Question

The number of photons emitted by a monochromatic (single frequency) infrared range finder of power 1 mW and wavelength of 1000 nm, in 0.1 second is \(x \times 10^{13}\). The value of x is _________. (Nearest integer)
(h = 6.63 \(\times\) 10\(^{-34}\) Js, c=3.00 \(\times\) 10\(^8\) ms\(^{-1}\))

Hint:

The number of photons emitted per second is simply the power of the source divided by the energy of one photon (\(N/t = P/E_p\)). You can calculate this rate first and then multiply by the time, or calculate the total energy first as done here. Both methods are equivalent.

Answer 1

Correct Answer: 50

Step 1: Understanding the Question:
We are given the power, wavelength, and time duration of an infrared source.
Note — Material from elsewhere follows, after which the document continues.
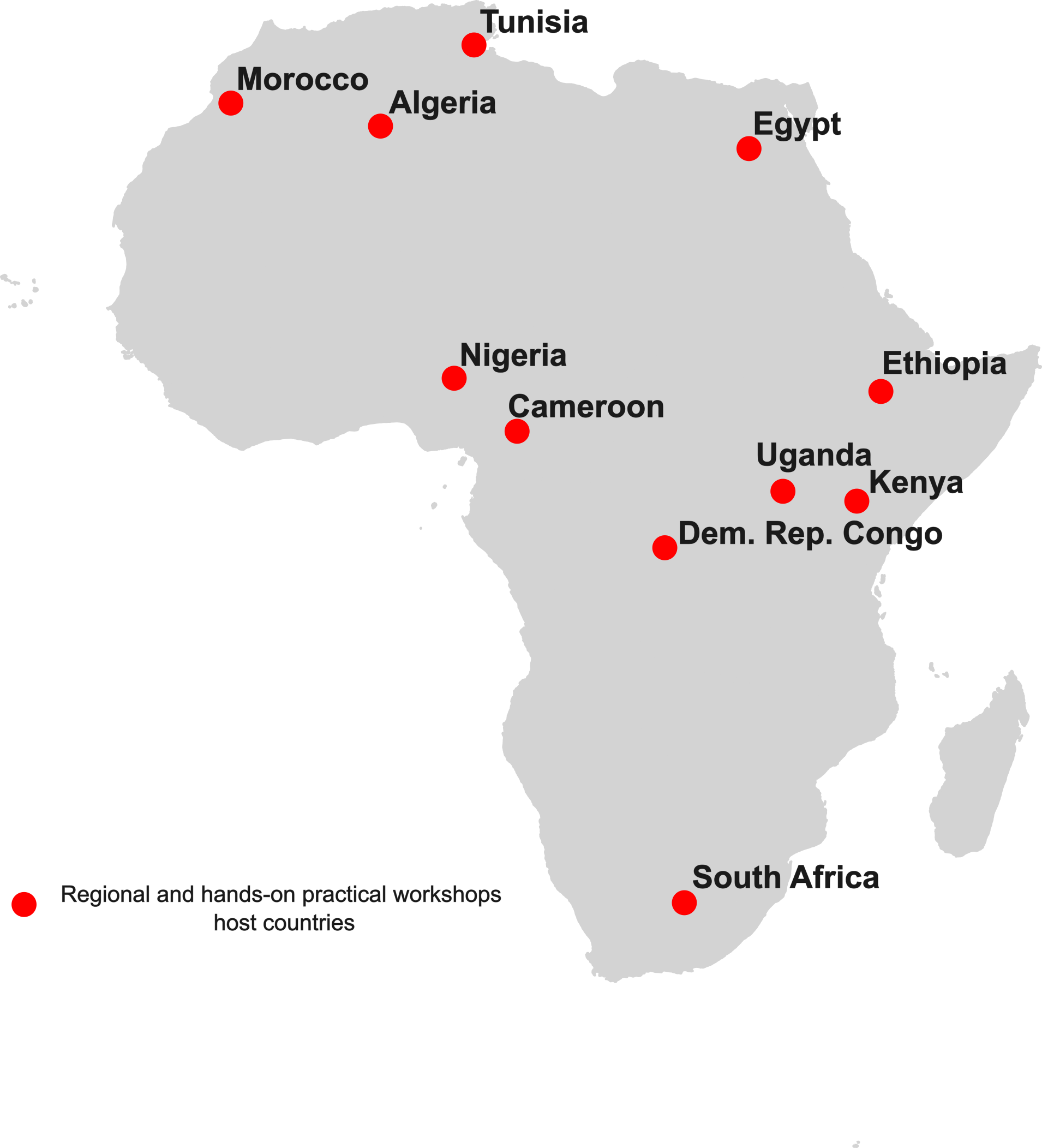 Figure 1: Map showing African countries where 28 AfricaBP Open Institute regional workshops were held in 2023. Host countries are: Nigeria, South Africa, Morocco, Algeria, Egypt, Tunisia, Kenya, Cameroon, DR Congo, Ethiopia, and Uganda

We need to calculate the total number of photons emitted in that time.
Step 2: Calculate the Energy of a Single Photon:
The energy of a single photon (E\(_p\)) is given by the Planck-Einstein relation:
\[ E_p = hf = \frac{hc}{\lambda} \] Given:
- \(h = 6.63 \times 10^{-34}\) Js
- \(c = 3.00 \times 10^8\) m/s
- \(\lambda = 1000\) nm = \(1000 \times 10^{-9}\) m = \(10^{-6}\) m
\[ E_p = \frac{(6.63 \times 10^{-34} \, \text{Js}) \times (3.00 \times 10^8 \, \text{m/s})}{10^{-6} \, \text{m}} = 1.989 \times 10^{-19} \, \text{J} \] Step 3: Calculate the Total Energy Emitted:
The total energy (E\(_t\)) emitted by the source is its power (P) multiplied by the time (t).
Given:
- \(P = 1\) mW = \(1 \times 10^{-3}\) W = \(1 \times 10^{-3}\) J/s
- \(t = 0.1\) s
\[ E_t = P \times t = (1 \times 10^{-3} \, \text{J/s}) \times (0.1 \, \text{s}) = 1 \times 10^{-4} \, \text{J} \] Step 4: Calculate the Number of Photons:
The total number of photons (N) is the total energy emitted divided by the energy of a single photon.
\[ N = \frac{E_t}{E_p} = \frac{1 \times 10^{-4} \, \text{J}}{1.989 \times 10^{-19} \, \text{J}} \approx 0.5027 \times 10^{15} = 5.027 \times 10^{14} \] Step 5: Find the value of x:
We are given that the number of photons is \(x \times 10^{13}\).
\[ 5.027 \times 10^{14} = x \times 10^{13} \] \[ 50.27 \times 10^{13} = x \times 10^{13} \] \[ x = 50.27 \] The value of x to the nearest integer is 50.